Investigators believe four inmates planned the foiled breakout attempt Thursday afternoon from Pasquotank Correctional Institution in Elizabeth City by starting a fire inside a sewing plant to divert guards, then running through a loading dock to reach the fence, Pasquotank County Sheriff Randy Cartwright said.

These undated photos made available by the North Carolina Department of Public Safety shows Corrections Officer Justin Smith and Corrections Enterprises Manager Veronica Darden. Authorities identified Smith and Darden as the two employees killed Thursday, Oct. 12, 2017, during an attempted inmate escape from a North Carolina prison. (North Carolina Department of Public Safety via AP)

“We’re fairly comfortable that at least four had a plan to attempt this escape and knew to do that some people were going to get harmed,” Cartwright said in an interview. “This was definitely not a spontaneous incident.”

Two other prison workers were in critical condition Friday and one in fair condition at Sentara Norfolk General Hospital in Norfolk, Virginia, hospital spokesman Peter Sengenberger said via email. He said 11 others injured in the disturbance were treated and discharged from the company’s sister hospital in Elizabeth City, about 50 miles (80 kilometers) south.

Stabbing or slashing wounds predominated among the injured and people were attacked at several spots along the attempted escape route, Cartwright said. Some people may have suffered smoke inhalation, but the fire didn’t cause serious burns, he said. None of the injured had gunshot wounds, according to the sheriff, but he wouldn’t say whether guards fired on inmates to stop them. Four inmates were among the injured.

Killed were prison guard Justin Smith, 35, and vocational worker Veronica Darden, 50. Autopsies are scheduled next week and state officials and the sheriff haven’t elaborated on how they died. Smith was a correctional officer at the prison’s sewing plant, where Darden trained about 30 inmates making safety vests and other embroidered items, authorities said.

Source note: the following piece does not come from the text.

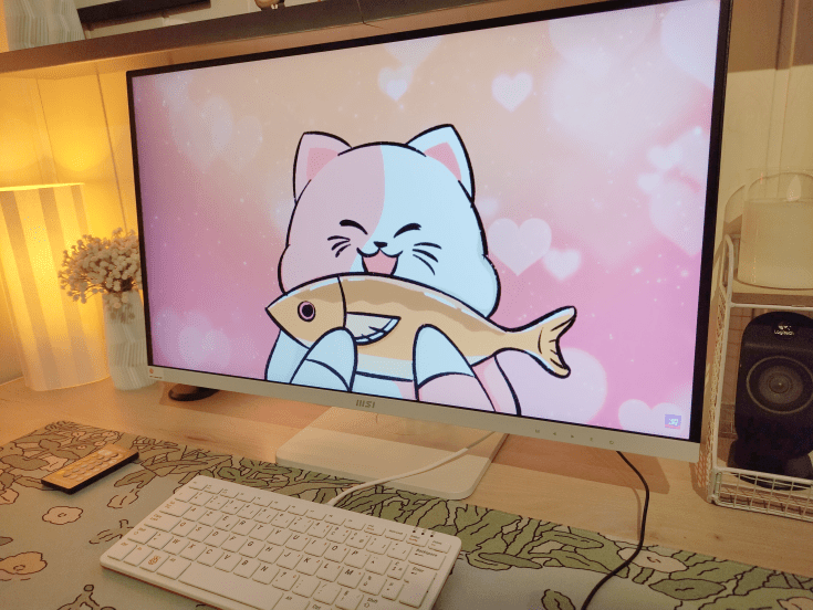 Il s’agit d’un moniteur MSI Modern MD271QPW, il fait 27 pouces et a une résolution de 2560X1440. L’esthétisme d’un écran compte énormément pour moi, peut être même plus que ses capacités, celui ci réunit les deux. Il possède un pied ergonomique, ultra pratique pour y ranger le clavier et ainsi libérer l’espace sur le bureau pour faire de gros dessins ou manger de grosse tartines ^^

None of the prison’s 725 inmates escaped, state prisons spokesman Keith Acree said. One inmate got as far as a barbed-wire fence around the prison, but got snagged and dropped to the ground as armed guards approached, Cartwright said.

North Carolina’s governor offered his condolences for the two workers killed and on Friday ordered state flags lowered to half-staff for three days.

“Those who work in our prisons do a difficult and demanding job that is critical to our safety,” Gov. Roy Cooper said in a statement Thursday.

In April, a guard was killed while trying to stop a trash can fire in a dormitory at Bertie Correctional Institution, about 50 miles (80 kilometers) west of the Elizabeth City prison. Authorities said a male inmate wrestled the fire extinguisher from Sgt. Meggan Callahan, 29, and beat her to death.

The head of the state’s chief state employee union said North Carolina prisons are understaffed, guards and other employees are attacked regularly and legislators should reverse dangerous conditions by hiring more officers.

“Correctional officers’ safety issues have been ignored despite an assault every eight hours and we pray someone in power will finally care enough to do something,” said State Employees Association of North Carolina President Stanley Drewery, a former corrections officer. “It’s past time for the state to give these heroes the resources, training and manpower to ensure that they return home safely.”

Darden worked as a guard for one year before assuming her role with Correction Enterprises, the state prison system’s work program for inmates. The program involves almost 2,300 of the state’s nearly 38,000 inmates in an effort to give them marketable job skills in behind-bars businesses such as pressing license plates, washing clothes for customers including U.S. Veterans Affairs hospitals and growing and packaging vegetables.

The prison near the northeast North Carolina coast houses adult, male felons in both high-security and minimum-custody buildings. Minimum-security prisoners work outside the walls on road gangs and other community labor.

The complex reported other incidents this year. In April, an argument between two inmates led to one prisoner stabbing the other several times in the torso. Two months earlier, a guard was charged with trying to smuggle illegal drugs, phones and cigarettes into the prison.